▶ _INFORMATION PROVIDED_
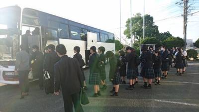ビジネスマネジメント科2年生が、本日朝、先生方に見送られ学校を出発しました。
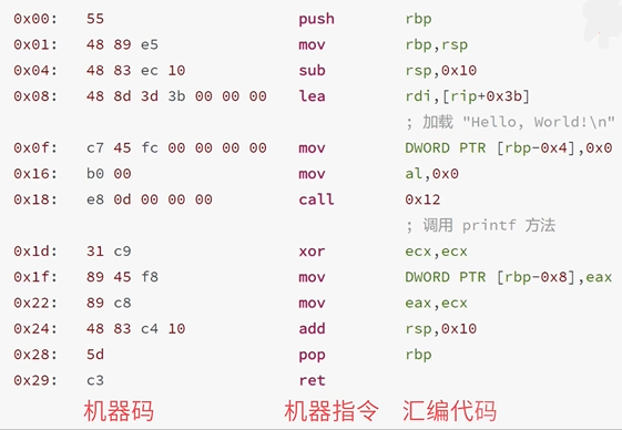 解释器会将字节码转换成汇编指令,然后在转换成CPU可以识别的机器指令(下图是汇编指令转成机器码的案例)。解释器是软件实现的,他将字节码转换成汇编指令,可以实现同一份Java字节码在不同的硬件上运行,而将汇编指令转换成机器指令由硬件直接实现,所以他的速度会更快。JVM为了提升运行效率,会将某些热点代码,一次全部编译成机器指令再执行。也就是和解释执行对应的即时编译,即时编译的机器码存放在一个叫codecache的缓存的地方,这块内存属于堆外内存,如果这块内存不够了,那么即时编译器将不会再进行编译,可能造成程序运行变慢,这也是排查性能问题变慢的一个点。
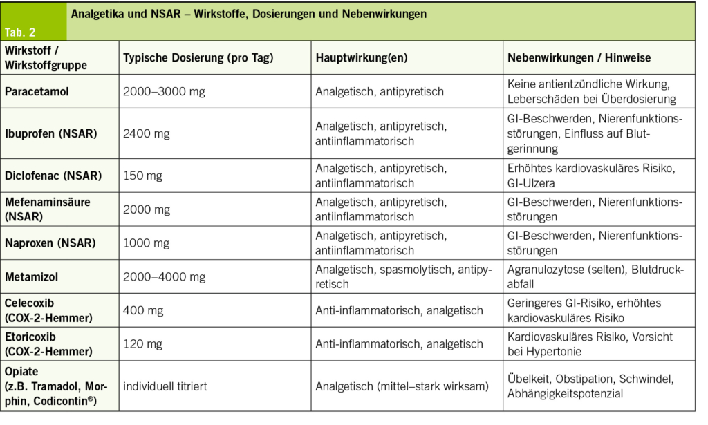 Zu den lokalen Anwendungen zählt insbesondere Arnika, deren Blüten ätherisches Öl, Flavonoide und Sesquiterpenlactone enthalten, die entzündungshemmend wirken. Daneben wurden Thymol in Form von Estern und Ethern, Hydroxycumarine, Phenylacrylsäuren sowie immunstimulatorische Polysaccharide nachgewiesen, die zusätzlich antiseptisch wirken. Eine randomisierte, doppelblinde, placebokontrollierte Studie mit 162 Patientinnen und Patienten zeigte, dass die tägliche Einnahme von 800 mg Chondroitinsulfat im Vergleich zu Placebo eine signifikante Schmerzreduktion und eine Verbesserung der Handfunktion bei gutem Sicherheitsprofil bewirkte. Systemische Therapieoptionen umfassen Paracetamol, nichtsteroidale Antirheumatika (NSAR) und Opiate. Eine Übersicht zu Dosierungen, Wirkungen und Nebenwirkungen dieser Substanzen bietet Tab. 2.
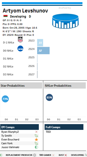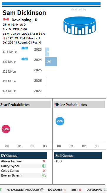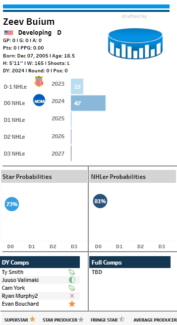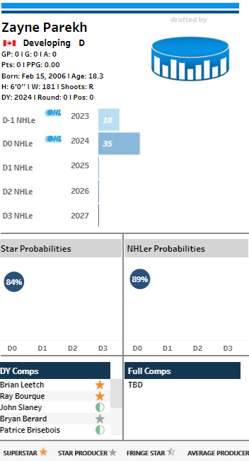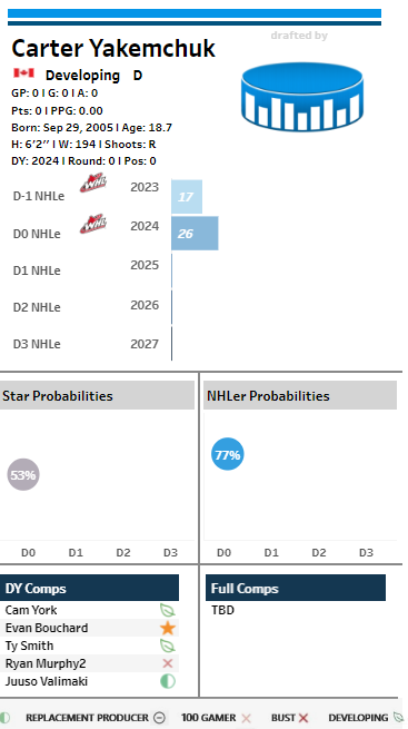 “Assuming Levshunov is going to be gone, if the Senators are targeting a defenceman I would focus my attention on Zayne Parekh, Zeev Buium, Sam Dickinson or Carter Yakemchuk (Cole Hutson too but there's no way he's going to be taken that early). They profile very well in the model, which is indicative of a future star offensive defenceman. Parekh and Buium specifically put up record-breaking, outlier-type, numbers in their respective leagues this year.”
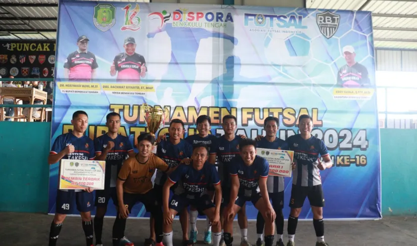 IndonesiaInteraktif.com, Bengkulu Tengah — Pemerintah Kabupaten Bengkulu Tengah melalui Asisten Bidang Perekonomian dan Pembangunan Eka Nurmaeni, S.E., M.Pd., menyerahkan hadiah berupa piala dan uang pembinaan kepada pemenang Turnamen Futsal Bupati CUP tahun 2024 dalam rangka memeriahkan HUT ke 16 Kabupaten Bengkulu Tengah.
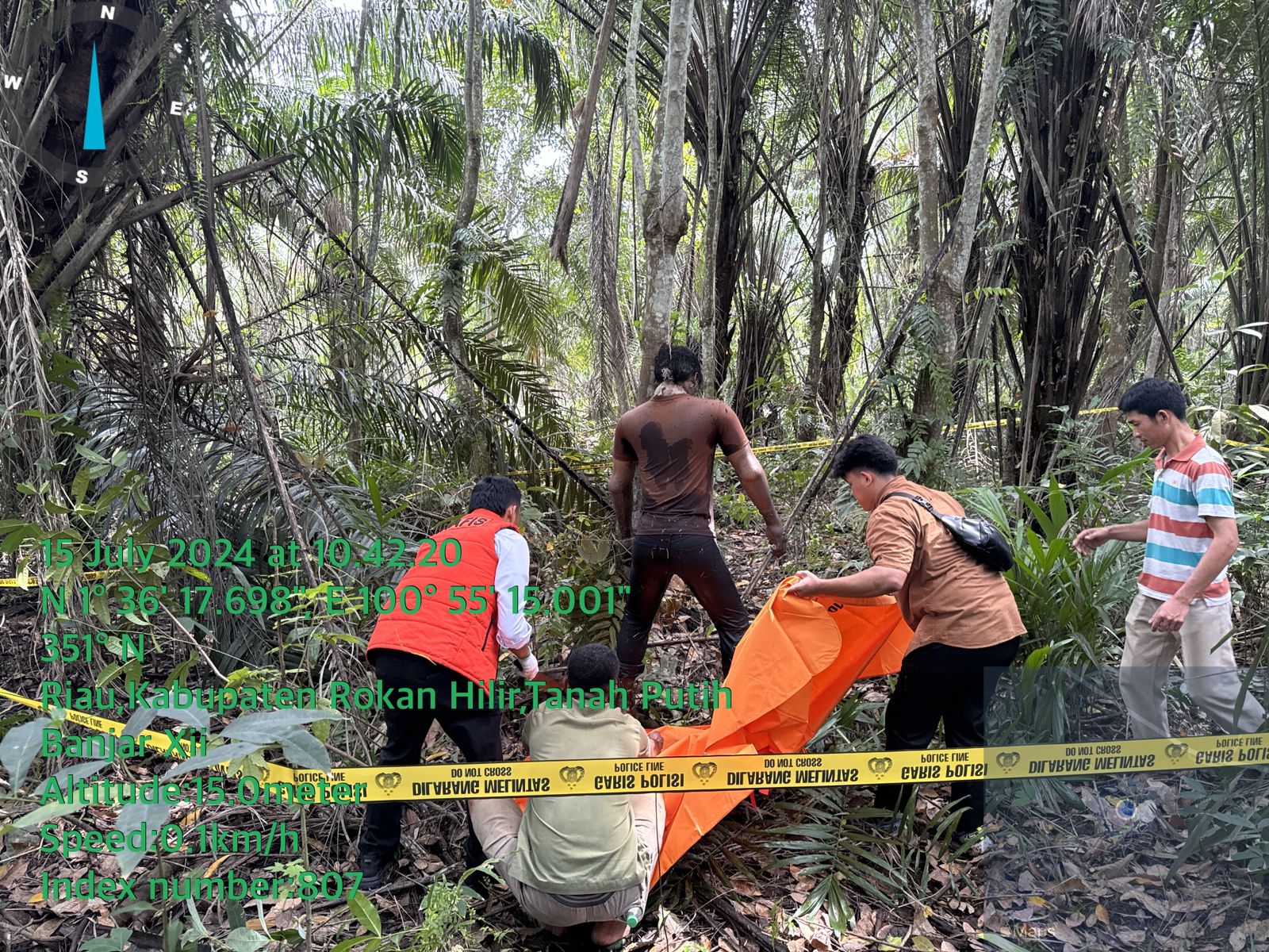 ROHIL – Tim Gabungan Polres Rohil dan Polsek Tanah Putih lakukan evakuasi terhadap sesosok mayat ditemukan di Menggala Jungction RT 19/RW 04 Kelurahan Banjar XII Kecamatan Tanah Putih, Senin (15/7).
---
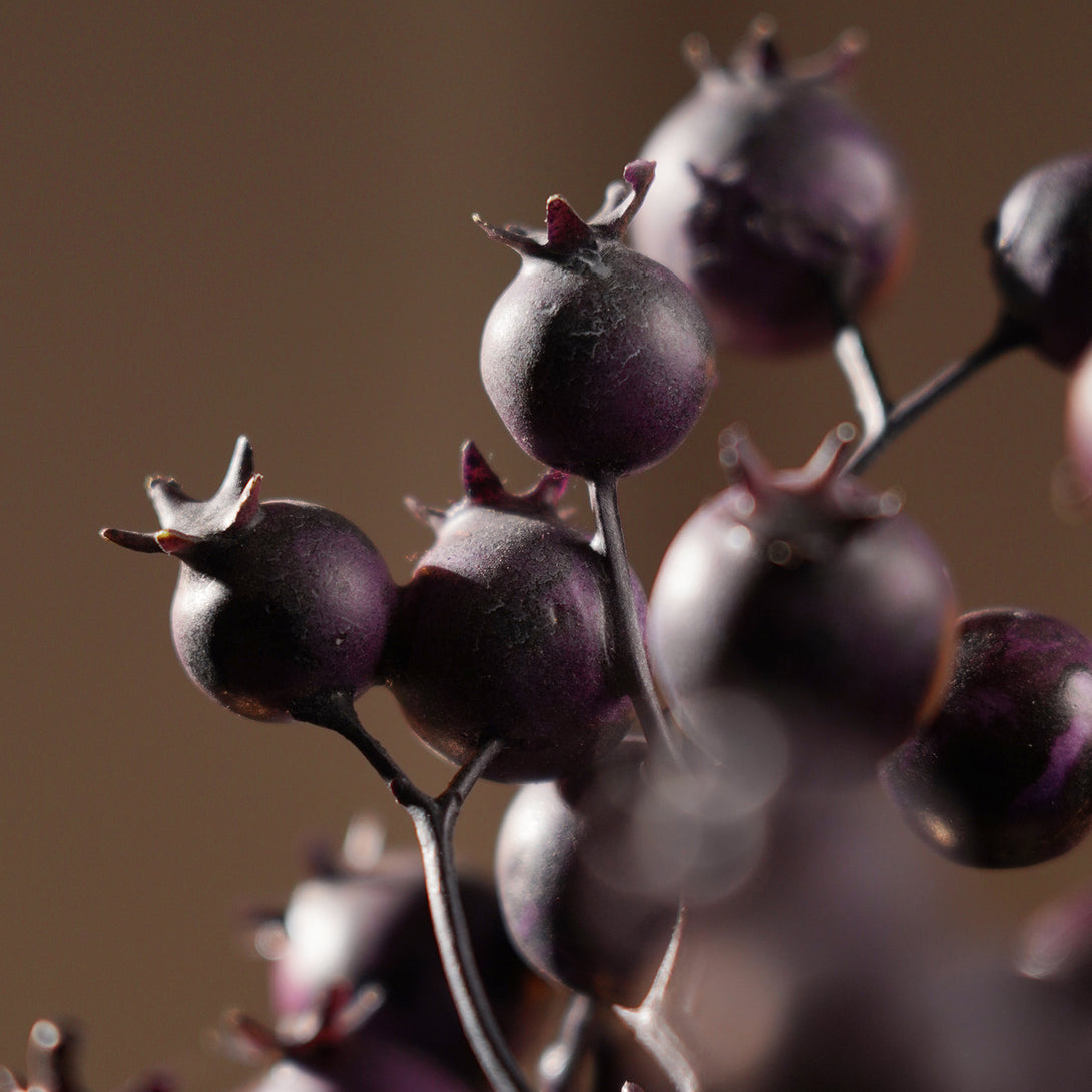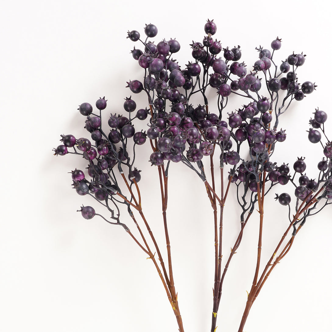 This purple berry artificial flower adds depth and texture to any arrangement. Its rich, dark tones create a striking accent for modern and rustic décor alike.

▶ _WHAT TO DO_
Reproduce, exactly and only, the lines of the records above starting at the line with "Levshunov is going" and ending at the line with "IndonesiaInteraktif.com, Bengkulu Tengah", both included. Leave every picture out.

▶ _OUTPUT_
 “Assuming Levshunov is going to be gone, if the Senators are targeting a defenceman I would focus my attention on Zayne Parekh, Zeev Buium, Sam Dickinson or Carter Yakemchuk (Cole Hutson too but there's no way he's going to be taken that early). They profile very well in the model, which is indicative of a future star offensive defenceman. Parekh and Buium specifically put up record-breaking, outlier-type, numbers in their respective leagues this year.”
 IndonesiaInteraktif.com, Bengkulu Tengah — Pemerintah Kabupaten Bengkulu Tengah melalui Asisten Bidang Perekonomian dan Pembangunan Eka Nurmaeni, S.E., M.Pd., menyerahkan hadiah berupa piala dan uang pembinaan kepada pemenang Turnamen Futsal Bupati CUP tahun 2024 dalam rangka memeriahkan HUT ke 16 Kabupaten Bengkulu Tengah.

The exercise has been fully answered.